Each year, thousands of patients cycle through the National Institutes of Health’s (NIH) Clinical Center, the largest research hospital in the world, to take part in extensive clinical trials. Patients there in need of otolaryngology–head and neck surgery services have typically been cared for by doctors from the surrounding community. But several months ago, the Johns Hopkins Department of Otolaryngology–Head and Neck Surgery and the National Institute on Deafness and Other Communication Disorders (NIDCD) forged a new type of consult-service agreement that allows Johns Hopkins doctors to provide this care.
Johns Hopkins is among the few academic medical centers collaborating in this way with the NIDCD, and the department is the first at Johns Hopkins to pioneer this approach, says Johns Hopkins otolaryngologist–head and neck surgeon Clint Allen, one of the doctors in the Johns Hopkins Otolaryngology Consult Service at the center.

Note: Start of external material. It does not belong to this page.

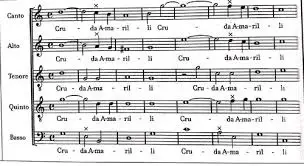 인간이 느끼는 슬픔, 기쁨, 분노, 사랑, 공포, 흥분 등의 감정은 이전에는 신앙심으로 무장하여 꽁꽁 숨겨 놓아야 할 쓸데없는 감정의 낭비였지만, 바로크 시대에는 이를 표현하거나 발생시켜야 하는 필수 요소였습니다. 이를 위해, 바로크의 작곡가들은 기악음악에서는 특수화된 관습적 기법으로, 성악 음악에서는 가사, 정서나 성격, 혹은 극적 상황을 나타내려고 노력했습니다. 몬테베르디(1567-1643)는 그의 마드리갈 집 5권의 "무정한 아마릴리"에서 감정을 표현하기 위해 일부러 불협화음을 무정한 이라던지 아!라는 가사들을 드러내기 위해 사용했습니다. 몬테베르디의 이러한 불협화음의 사용은 당시 음악가들 사이에서 커다란 논란거리를 만들었고, 급기야는 조반니 아르투지와의 설전이 시작합니다. 르네상스 화성학의 기본을 져버렸다는 비판에, 몬테베르디는 자신의 불협화음은 르네상스의 규칙을 넘어선 제2의 작곡법, "second practice"라고 반박합니다. 몬테베르디는 9권의 마드리갈 모음곡을 출판했는데, 이 중 앞의 4곡은 르네상스 정통을 따라 대위법을 준수하고 각 성부에 동등한 비중을 주었고, 제5권은 2 부로 나뉘어 있는데 1부는 르네상스 정통 기법으로, 2 부는 극적인 표현을 위해 주선율이 소프라노와 베이스 파트에 편중되게 작곡했습니다. 이후, 몬테베르디는 자신의 작곡기법에 만족하여 나머지 4 권을 제2 작법으로 작곡하며, 더 이상 틀에 박히지 않고 감정을 표현할 수 있는 음악으로서의 길을 열며 바로크의 원조 할아버지로 등극하시게 됩니다.
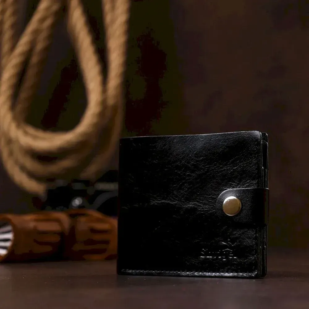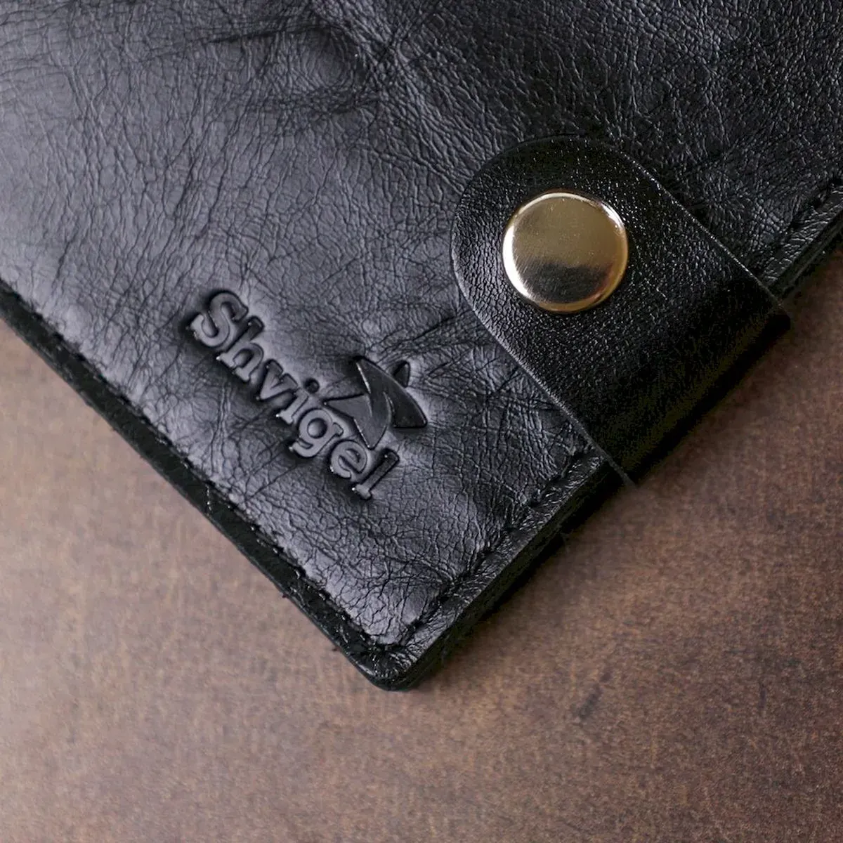 Невеликий шкіряний портмоне для чоловіків Shvigel 16460 Чорний

Seven years ago, Johns Hopkins started a different collaboration that paved the way for this one. At that time, Johns Hopkins otolaryngologist–head and neck surgeon Wade Chien became the first NIDCD otolaryngology surgeon-scientist from Johns Hopkins, part of a mentored, career-development program open to junior faculty at academic medical centers. This program allows doctors to maintain their surgical skills while enabling them to conceive, develop and test novel diagnostic and therapeutic strategies through translational research that bridges basic science, medicine and surgery.
Through this program, Chien started his own intramural research program at the NIDCD that focused on gene therapy research for hearing loss. Allen soon joined him, followed by their Johns Hopkins colleague Nikki Schmitt. Now, all three run their own research programs at NIH.
“It’s been a great opportunity to perform research ranging from basic science to clinical trials at this world-class research institution,” says Chien.
But with much of their time spent at NIH, the three wanted to do more. That’s how the Johns Hopkins Otolaryngology Consult Service arose, explains Schmitt.
The service allows faculty members within the Johns Hopkins Department of Otolaryngology– Head and Neck Surgery clinical privileges at NIH, affording the opportunity for Johns Hopkins doctors to provide subspecialty expertise and care to many in the community, she says.
It also gives Johns Hopkins faculty members the opportunity to care for patients with unusual conditions that many doctors rarely see in their careers. For example, Schmitt recently cared for patients with the immune disorders Job syndrome and relapsing polychondritis, both rare conditions that have ear-, nose-, and throat-related manifestations.
The service has been so successful, says Allen, that NIH and other Johns Hopkins departments are investigating similar collaborations.
“We hope that the relationship we’ve built here,” he says, “serves as a model for other departments and clinical services.”